4. Tidak berprasangka buruk kepada saudaranya

5. Tidak memata-matai atau mencari-cari aib saudaranya dikarenakan namimah


yang didengarnya.

6. Tidak membiarkan dirinya ikut melakukan namimah tersebut, sedangkan dirinya


sendiri melarangnya.

4. Berusaha dan bersungguh-sungguhlah untuk menjaga lisan dan menahannya


dari perkataan yang tidak berguna, apalagi dari perkataan yang karenanya saudara
kita tersakiti dan terdzalimi. Bukankah mulut seorang mukmin tidak akan berkata
kecuali yang baik.

5. Bukan termasuk namimah seseorang yang mengabari orang lain tentang apa
yang dikatakan tentang dirinya apabila ada unsur maslahat di dalamnya.

6. Hukumnya bisa sunnat atau bahkan wajib bergantung pada situasi dan kondisi.

7. Ghibah yang dilarang dan diperbolehkan:

a. Ghibah dilarang

Hukum asal gibah adalah haram. Gibah yang haram adalah


ketika anda membicarakan aib seseorang yang dirahasiakan. Baik aib
itu terkait dengan bentuk fisik atau perilaku, terkait dengan agama
atau duniawi.

b.
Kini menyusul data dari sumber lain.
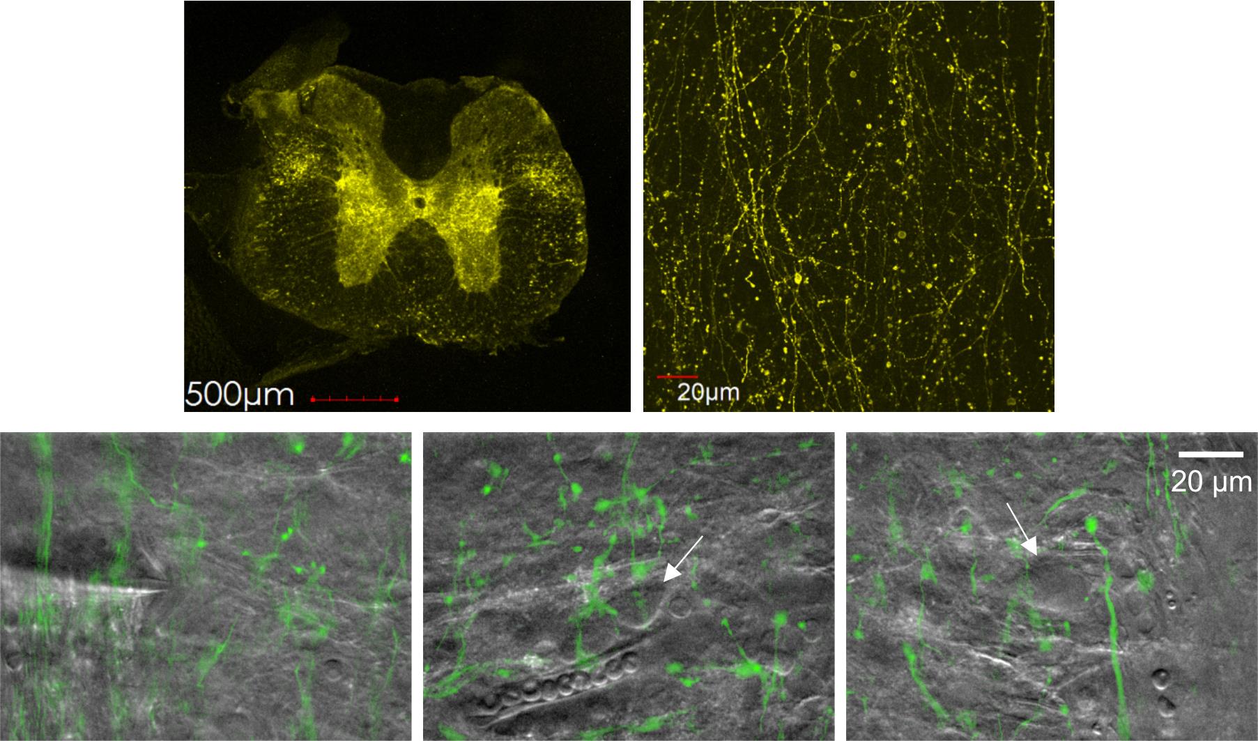 Figure 15. Channelrhodopsin-2 (ChR2)–EYFP expression pattern in the spinal cord. Top row: Confocal images showing ChR2–EYFP expression in the spinal cord (left) and in spinal lamina I (right). Bottom row: infrared (IR)-LED oblique illumination images (gray) overlaid with epifluorescent ChR2–EYFP images (green), revealing rostral ventromedial medulla (RVM)-originating fibers and en passant boutons. White arrows indicate somata of lamina I neurons. Notice a patched neuron in the left image.

Ghibah yang diperbolehkan;

1. At-Tazhallum

2. Isti’anah

3. Al-Istifa’

4. At-Tahdzir lil Muslimin

5. orang yang menampakkan kefasikan dan perilaku maksiatnya.
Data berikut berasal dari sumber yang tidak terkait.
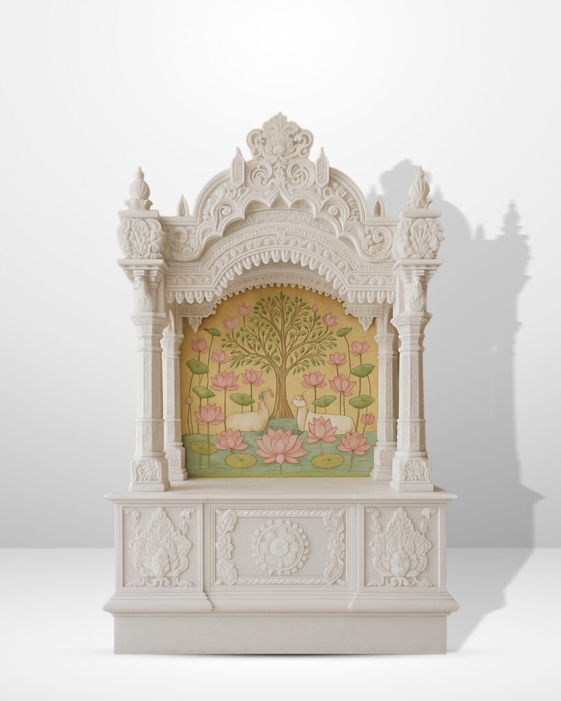 Kamalvan is a celebration of divine stillness blooming through nature’s rhythm. Hand-carved in Makrana white marble, this mandir finds its soul in a hand-painted lotus grove, where sacred deer rest beneath a flowering tree symbols of grace, innocence, and inner peace.

6. memberi julukan tertentu pada seseorang apabila seseorang itu


dikenal dengan julukan.

2. Saran

Setelah mempelajari mata kuliah akidah akhlak khususnya pembahasan


tentang sifat tercela terkhusus sifat namiamah dan ghibah dapat kita jadikan sebagai
pedoman hidup untuk tidak melakukan perbuatan tersebut.